Худенькая молодая женщина в красном платье привлекла внимание Пьера, и у него родилась мысль. Нужно предложить какой-нибудь шлюхе деньги, пусть заберет ребенка и подложит к статуе. Никто из гулящих девиц его не узнает, значит, и ребенок останется неопознанным.
Он совсем уже собрался обратиться к женщине в красном платье, когда, к своему ужасу, услышал из-за спины знакомый голос:
– Пьер, милый мой, как поживаешь?
Это был его университетский наставник.
– Отец Муано! – пролепетал Пьер.
Вот незадача! Если младенец заплачет, придется во всем сознаваться.
Красное, мясистое лицо священника лучилось улыбкой.
– Рад тебя видеть. Слыхал, ты образумился и завел семью.
– Ну да, – промямлил Пьер, изнемогая от дурных предчувствий. – Прошу прощения, святой отец, но мне сейчас некогда. Вынужден вас оставить.
Муано явно задела эта отповедь.
– Конечно, сын мой, негоже откладывать дела из-за пустых разговоров.
Пьеру отчаянно хотелось исповедаться священнику в своих бедах, но еще сильнее было желание унести ноги – и младенца – из собора.
– Извините, святой отец, – повторил он. – Я навещу вас в ближайшее время, если позволите.
– Заходи, как будет время, – язвительно пригласил Муано.
– Обязательно. Всего хорошего!
Муано молча отвернулся, показывая, что обижен.
Пьер устремился вдоль нефа к выходу. Жаль, очень жаль, что пришлось обидеть Муано, единственного человека, с которым он мог бы поделиться одолевавшими его заботами. У Пьера были хозяева и были слуги, но друзьями он как-то не обзавелся – не считая Муано. А теперь сам оттолкнул своего единственного друга.

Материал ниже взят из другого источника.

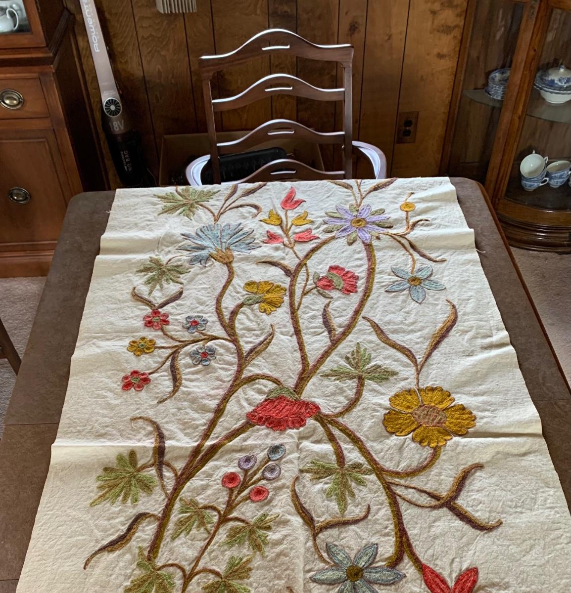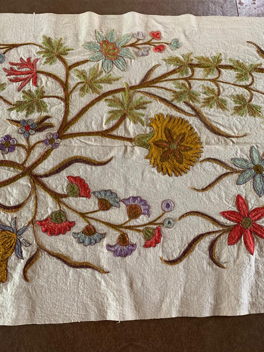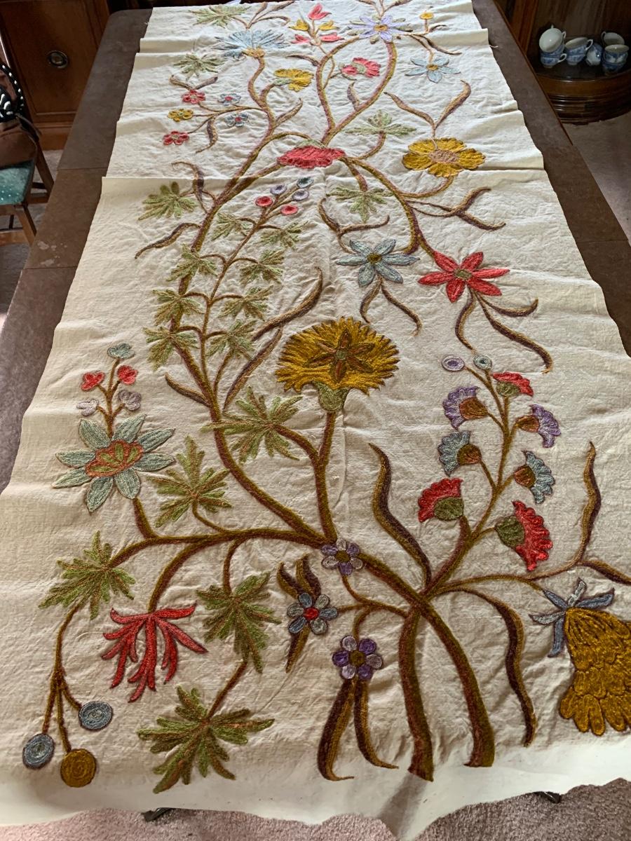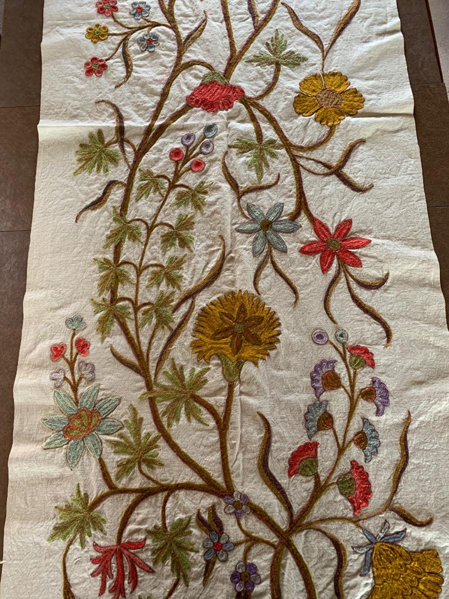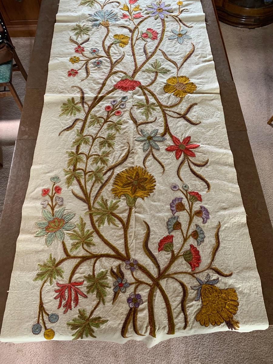 Beautiful tapestry which appear to be Crewel Embroidered. I am unable to determine is it hand stitched or by machine embroidered.

Постаравшись выбросить встречу с Муано из головы, Пьер двинулся по мосту в обратном направлении. Надо было выкинуть младенца в реку, и все дела. Правда, его бы заметили. И никакой отец Муано не смог бы убедить в том, что этакое убийство устроилось по воле Господа. Грехи, совершенные ради высоких целей, обыкновенно отпускались, но всему есть предел.
Что ж, если не получилось оставить ребенка в соборе, нужно отнести его к монашкам. Пьер знал женский монастырь, при котором имелся сиротский приют; этот монастырь располагался на оживленной восточной окраине Парижа, неподалеку от семейного особняка де Гизов. Он свернул в ту сторону. Следовало, пожалуй, поступить так с самого начала, идти в собор было ошибкой.
Монастырь, который Пьер имел в виду, именовался монастырем Святого Семейства. При нем имелся не только сиротский приют, но и школа для девочек и маленьких мальчиков. Подходя ближе, Пьер различил звонкие детские голоса. По ступеням крыльца он поднялся к высокой резной двери, открыл ее и вошел в холодную и тихую залу с каменным полом.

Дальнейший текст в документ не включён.